● **INFORMATION PROVIDED**
##############################
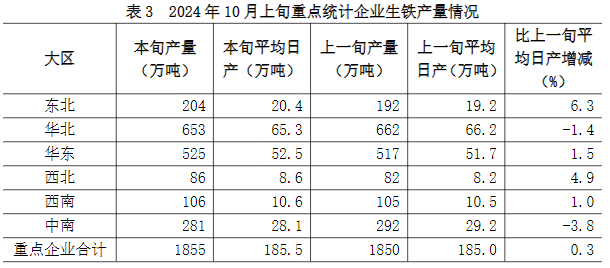 10月上旬六大地區(qū)中,除華北、中南地區(qū)重點(diǎn)統(tǒng)計(jì)企業(yè)生鐵日產(chǎn)量較上一旬下降外,其它地區(qū)均有不同程度增長(zhǎng)(詳見表3),具體為:
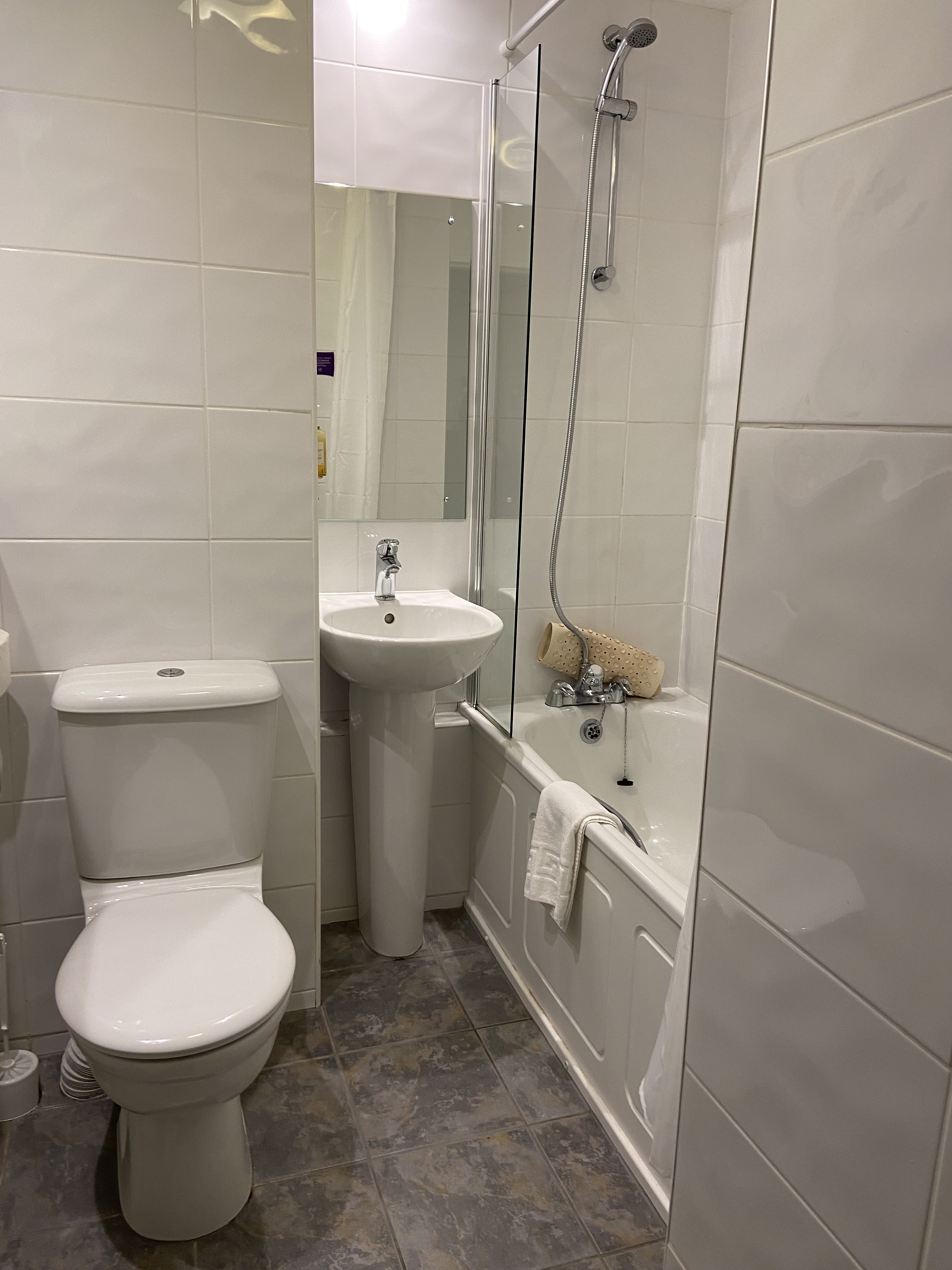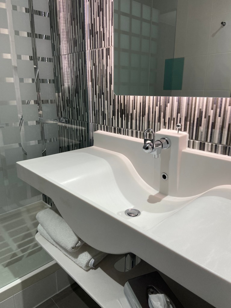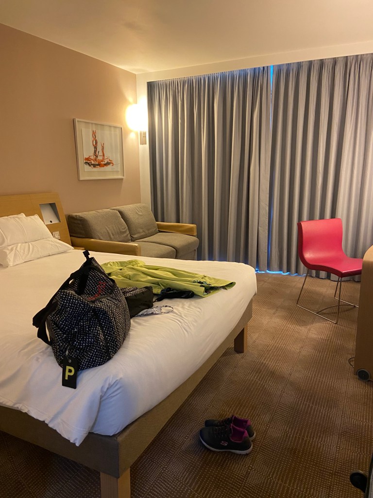 We left Culross and headed to Edinburgh to get checked into our hotel. The hotel we stayed at for two nights in Edinburgh was Novotel Edinburgh Park – very nice hotel with an amazing shower, comfortable bed, and another buffet type breakfast that was included and had the same typical Scottish breakfast items – this was my room:
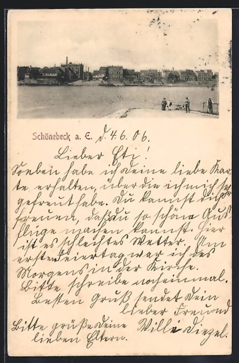 AK Schönebeck a. E., Flusspartie mit Menschen am Ufer
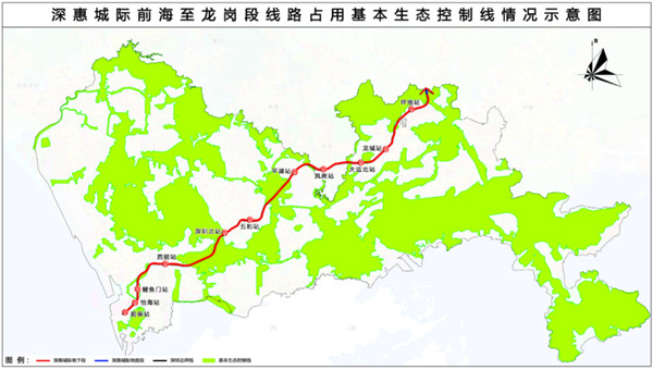 其中,线路涉及多处基本生态控制线,占用基本生态控制线面积约78公顷,包括塘朗山、甘坑-苗坑水库、低碳城郊野公园等,全线除低碳城郊野公园部分为区间地面穿越,其他涉及区域均为区间隧道穿越。
##############################
● **WHAT NEEDS TO BE DONE**
Print every line of the listing exactly, please, and leave the images out.

● **SOLUTION**
 10月上旬六大地區(qū)中,除華北、中南地區(qū)重點(diǎn)統(tǒng)計(jì)企業(yè)生鐵日產(chǎn)量較上一旬下降外,其它地區(qū)均有不同程度增長(zhǎng)(詳見表3),具體為:
 We left Culross and headed to Edinburgh to get checked into our hotel. The hotel we stayed at for two nights in Edinburgh was Novotel Edinburgh Park – very nice hotel with an amazing shower, comfortable bed, and another buffet type breakfast that was included and had the same typical Scottish breakfast items – this was my room:
 AK Schönebeck a. E., Flusspartie mit Menschen am Ufer
 其中,线路涉及多处基本生态控制线,占用基本生态控制线面积约78公顷,包括塘朗山、甘坑-苗坑水库、低碳城郊野公园等,全线除低碳城郊野公园部分为区间地面穿越,其他涉及区域均为区间隧道穿越。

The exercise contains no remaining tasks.